--- The data Enclosed Below ---

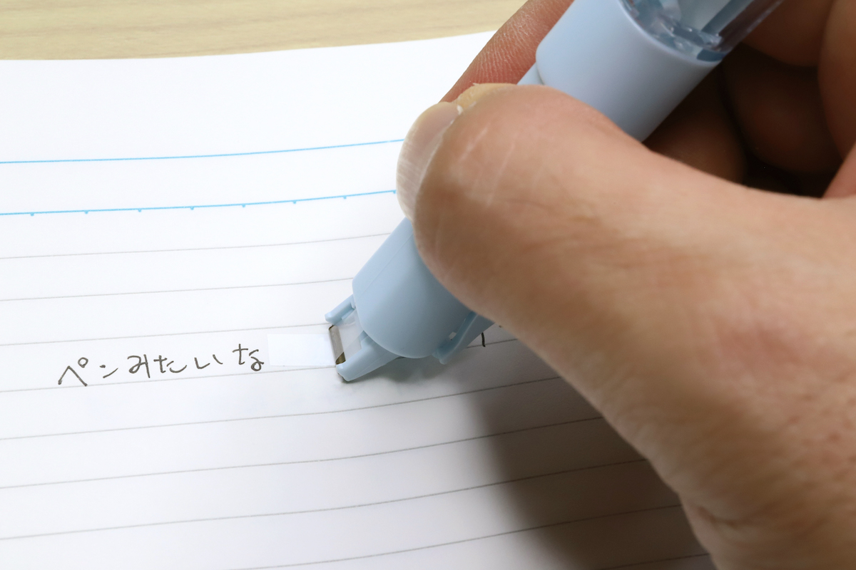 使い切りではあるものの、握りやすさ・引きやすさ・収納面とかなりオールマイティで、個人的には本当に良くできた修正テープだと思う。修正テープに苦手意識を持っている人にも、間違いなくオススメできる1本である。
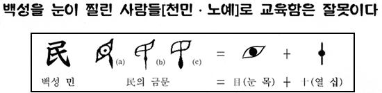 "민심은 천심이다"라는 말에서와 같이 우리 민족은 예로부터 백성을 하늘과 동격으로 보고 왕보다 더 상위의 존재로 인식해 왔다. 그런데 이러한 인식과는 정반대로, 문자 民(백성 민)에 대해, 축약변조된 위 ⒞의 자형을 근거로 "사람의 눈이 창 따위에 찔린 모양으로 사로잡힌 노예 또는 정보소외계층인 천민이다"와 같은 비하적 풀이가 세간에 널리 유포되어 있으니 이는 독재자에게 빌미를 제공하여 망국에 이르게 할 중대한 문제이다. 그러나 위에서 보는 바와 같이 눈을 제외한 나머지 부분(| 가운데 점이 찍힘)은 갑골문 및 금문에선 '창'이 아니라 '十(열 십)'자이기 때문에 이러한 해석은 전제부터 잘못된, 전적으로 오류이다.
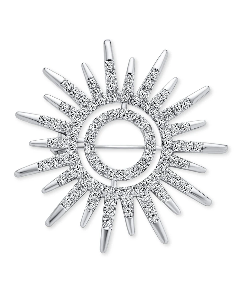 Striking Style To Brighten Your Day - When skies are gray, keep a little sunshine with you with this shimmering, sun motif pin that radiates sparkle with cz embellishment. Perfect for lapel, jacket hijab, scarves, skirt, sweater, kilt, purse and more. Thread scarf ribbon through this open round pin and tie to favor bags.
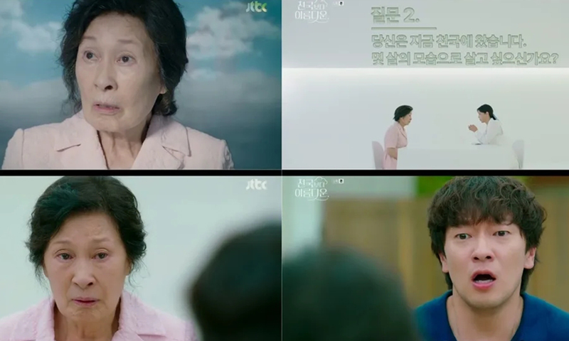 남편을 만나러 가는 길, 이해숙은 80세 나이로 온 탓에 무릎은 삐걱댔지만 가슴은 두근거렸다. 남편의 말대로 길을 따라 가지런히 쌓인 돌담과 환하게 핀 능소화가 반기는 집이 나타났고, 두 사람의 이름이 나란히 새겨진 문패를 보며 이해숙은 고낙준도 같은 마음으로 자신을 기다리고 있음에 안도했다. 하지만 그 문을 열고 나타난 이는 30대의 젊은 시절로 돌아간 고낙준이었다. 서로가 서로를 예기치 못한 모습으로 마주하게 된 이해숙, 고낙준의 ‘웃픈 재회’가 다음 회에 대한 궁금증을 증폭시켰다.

--- End of Enclosed The data ---

What needs to be done: Except for the pictures, print the data above exactly.

Reply:
 使い切りではあるものの、握りやすさ・引きやすさ・収納面とかなりオールマイティで、個人的には本当に良くできた修正テープだと思う。修正テープに苦手意識を持っている人にも、間違いなくオススメできる1本である。
 "민심은 천심이다"라는 말에서와 같이 우리 민족은 예로부터 백성을 하늘과 동격으로 보고 왕보다 더 상위의 존재로 인식해 왔다. 그런데 이러한 인식과는 정반대로, 문자 民(백성 민)에 대해, 축약변조된 위 ⒞의 자형을 근거로 "사람의 눈이 창 따위에 찔린 모양으로 사로잡힌 노예 또는 정보소외계층인 천민이다"와 같은 비하적 풀이가 세간에 널리 유포되어 있으니 이는 독재자에게 빌미를 제공하여 망국에 이르게 할 중대한 문제이다. 그러나 위에서 보는 바와 같이 눈을 제외한 나머지 부분(| 가운데 점이 찍힘)은 갑골문 및 금문에선 '창'이 아니라 '十(열 십)'자이기 때문에 이러한 해석은 전제부터 잘못된, 전적으로 오류이다.
 Striking Style To Brighten Your Day - When skies are gray, keep a little sunshine with you with this shimmering, sun motif pin that radiates sparkle with cz embellishment. Perfect for lapel, jacket hijab, scarves, skirt, sweater, kilt, purse and more. Thread scarf ribbon through this open round pin and tie to favor bags.
 남편을 만나러 가는 길, 이해숙은 80세 나이로 온 탓에 무릎은 삐걱댔지만 가슴은 두근거렸다. 남편의 말대로 길을 따라 가지런히 쌓인 돌담과 환하게 핀 능소화가 반기는 집이 나타났고, 두 사람의 이름이 나란히 새겨진 문패를 보며 이해숙은 고낙준도 같은 마음으로 자신을 기다리고 있음에 안도했다. 하지만 그 문을 열고 나타난 이는 30대의 젊은 시절로 돌아간 고낙준이었다. 서로가 서로를 예기치 못한 모습으로 마주하게 된 이해숙, 고낙준의 ‘웃픈 재회’가 다음 회에 대한 궁금증을 증폭시켰다.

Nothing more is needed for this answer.